Portuguese poet (1842–1914)

Amélia Janny (25 February 1842 – 19 March 1914) was a Portuguese Parnassian poet, playwright and lyricist who was highly regarded by, among others, the Portuguese writers and poets, Teixeira de Pascoaes and António Feliciano de Castilho.

==Early life==
Janny was born on 25 February 1841. She was the illegitimate daughter of Maria Herculana da Silva e Veiga, a schoolgirl, and of the jurist, politician and academic, António Correia Caldeira (1815–1876), who was a nephew and heir of the Portuguese cardinal, Francisco de São Luís. Janny's father was, at the time of her birth, a student at the University of Coimbra and she was born in Coimbra. Her mother later married the doctor, Raimundo Francisco da Gama, who became her stepfather. Janny would later dedicate poems to him and write one about him, called "The Doctor".

From a very young age she demonstrated an unusual tendency towards writing poetry, writing her first poem at the age of four. She had been accepted into literary circles by the time she was 14, being introduced by the poet Rodrigues Cordeiro to Feliciano de Castilho, who then introduced her to the intellectual circles of Coimbra.
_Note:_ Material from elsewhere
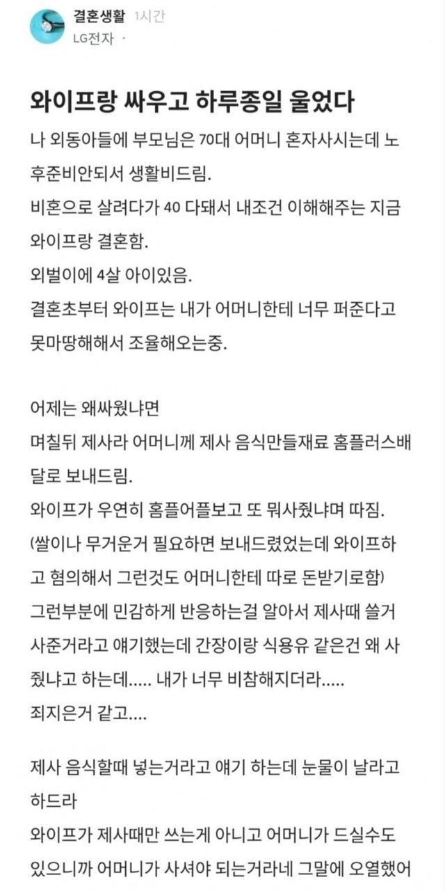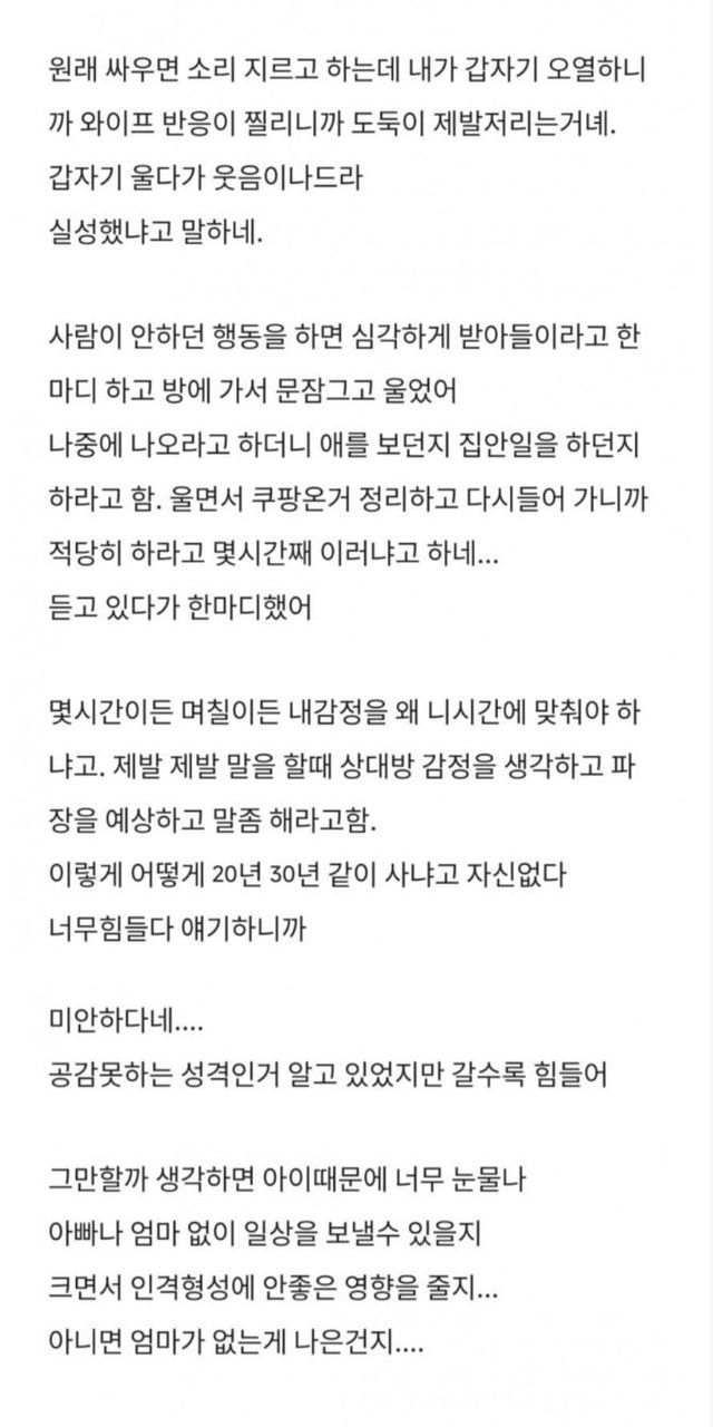 와이프랑 싸우고 오열한 블라남

Much admired by other poets she was even presented with a pen portrait by the noted artist Columbano Bordalo Pinheiro.
==Subsequent achievements==
From the 1860s onwards, Janny became a central figure in the academic and cultural life of Coimbra, as a poet, an author of plays and fado lyrics (accompanying singers on the piano), and as a lecturer to organizations such as the Coimbra Institute and the Association of Artists of Coimbra. She published her first poems at the age of 16 and these were later republished in the local newspaper, Cysne do Mondego. She excelled in poetry reading, and came to enjoy considerable social prestige. A notable reading was during the Camões Centenary celebrations, in 1880, when she recited poetry at the former Teatro Académico de Coimbra, presenting her work entitled Pátria.
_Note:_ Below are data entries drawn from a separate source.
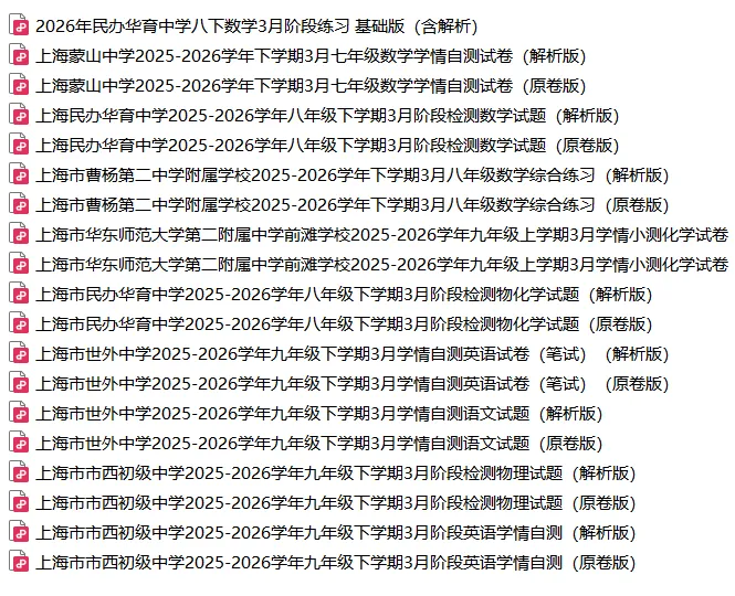 目前已经有部分学校进行了3月考,小编给大家收集了一下,包含华育、世外、市西、华二前滩等,供大家练习参考~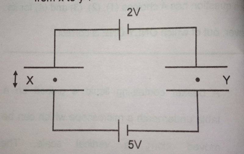 Two batteries are connected to two identical capacitors X and Y.Initially all the plates of the capacitors are uncharged.How to find charge on each Capacitor in the given diagram.Let the Capacitance of Capacitor be C.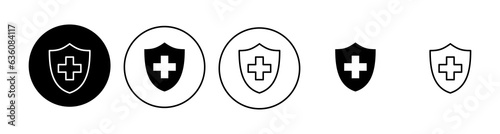 © AAVAA, Obraz premium Health insurance icon set. Insurance health document icon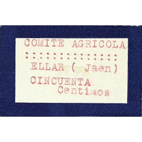 COMITE AGRICOLA ELLAR (Jaen) CINCUENTA Centimos (Translation: Agricultural Committee Ellar (Jaen) Fifty Centimos) |
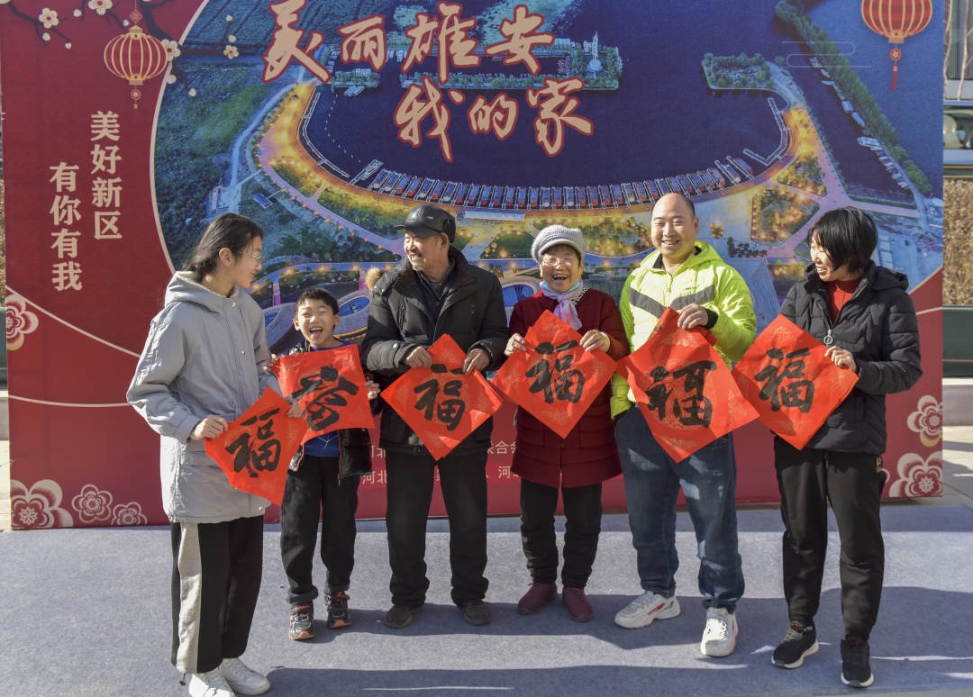 “藝術家給我們寫春聯,以前可沒有過。一幅幅春聯為我們回遷安置片區居民送福添喜。”從藝術家手里接過大紅對聯,雄安新區容東片區居民郝麗特別開心。

Janny became known for hosting literary soirées at her home in Coimbra. She contributed poems and other works to several magazines, including Ave Azul (1899–1900), A Mulher (1879), Ribaltas e Gambiarras (1881), and A Semana de Lisboa (1893–1895) as well as in the weekly Azulejos (1907–1909). She was awarded prizes in several literary competitions and was awarded the necklace of the Institute of Coimbra. She was a member of several academies and associations, including some in Brazil. In 2003, Coimbra City Council published her complete works in a collection entitled Amélia Janny: Miscelânea Poética.
==Death==
Janny died in Coimbra on 19 March 1914. Coimbra subsequently named a road after her. A street also bears her name in the Seixal municipality.